### Given data
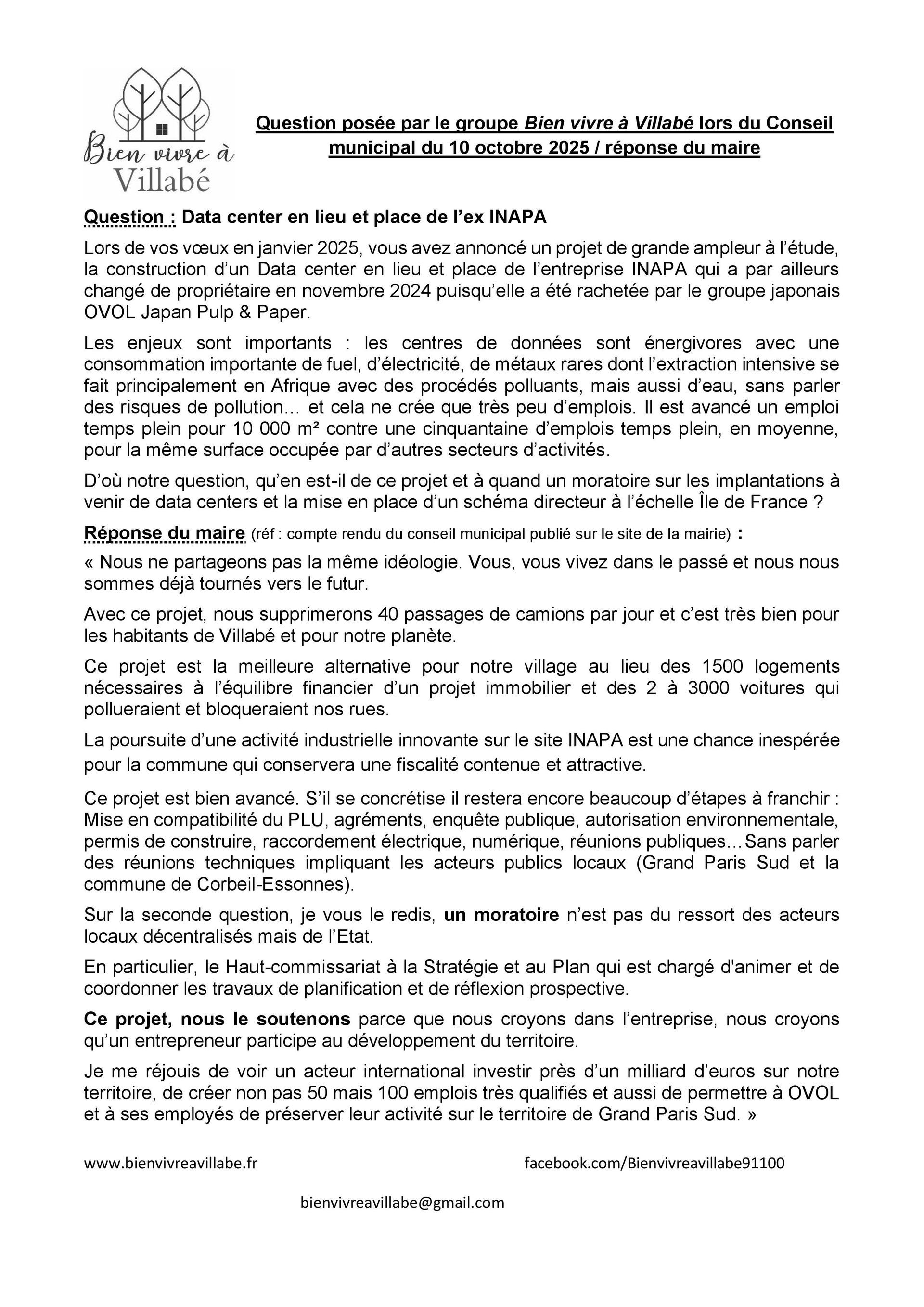 Contrairement à la majorité municipale, le groupe Bien vivre à Villabé continue à s’interroger sur ce projet qui serait le 3ème dans un petit périmètre Corbeil-Essonnes/Le Coudray, Lisses. Il n’est pas le seul puisque l’agglomération Grand Paris Sud travaille sur une doctrine et une stratégie relative aux projets de data centers avec une grille de critères d’analyse pour définir les conditions de mise en œuvre.
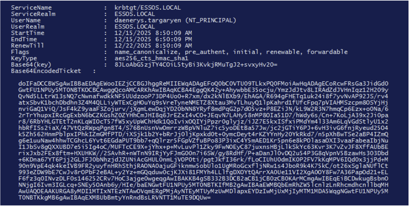 With this command, all TGT tickets are retrieved in kirbi format encoded in base64.
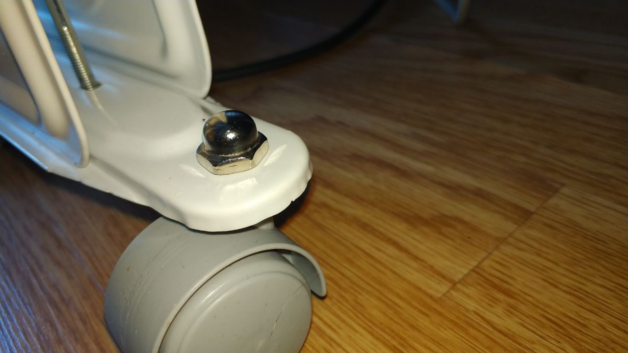 Пришёл без детали, которая крепится сверху ролика. Сама деталь не указана в комплектации, она похожа на „Гайка колеса", так определил Google поиск по фото.
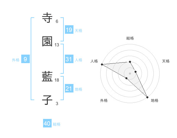 寺園 藍子さんの天格は19画の1点!

### Task to carry out
All the material shown above is to be copied exactly, with no pictures carried over.

### Exercise solution
 Contrairement à la majorité municipale, le groupe Bien vivre à Villabé continue à s’interroger sur ce projet qui serait le 3ème dans un petit périmètre Corbeil-Essonnes/Le Coudray, Lisses. Il n’est pas le seul puisque l’agglomération Grand Paris Sud travaille sur une doctrine et une stratégie relative aux projets de data centers avec une grille de critères d’analyse pour définir les conditions de mise en œuvre.
 With this command, all TGT tickets are retrieved in kirbi format encoded in base64.
 Пришёл без детали, которая крепится сверху ролика. Сама деталь не указана в комплектации, она похожа на „Гайка колеса", так определил Google поиск по фото.
 寺園 藍子さんの天格は19画の1点!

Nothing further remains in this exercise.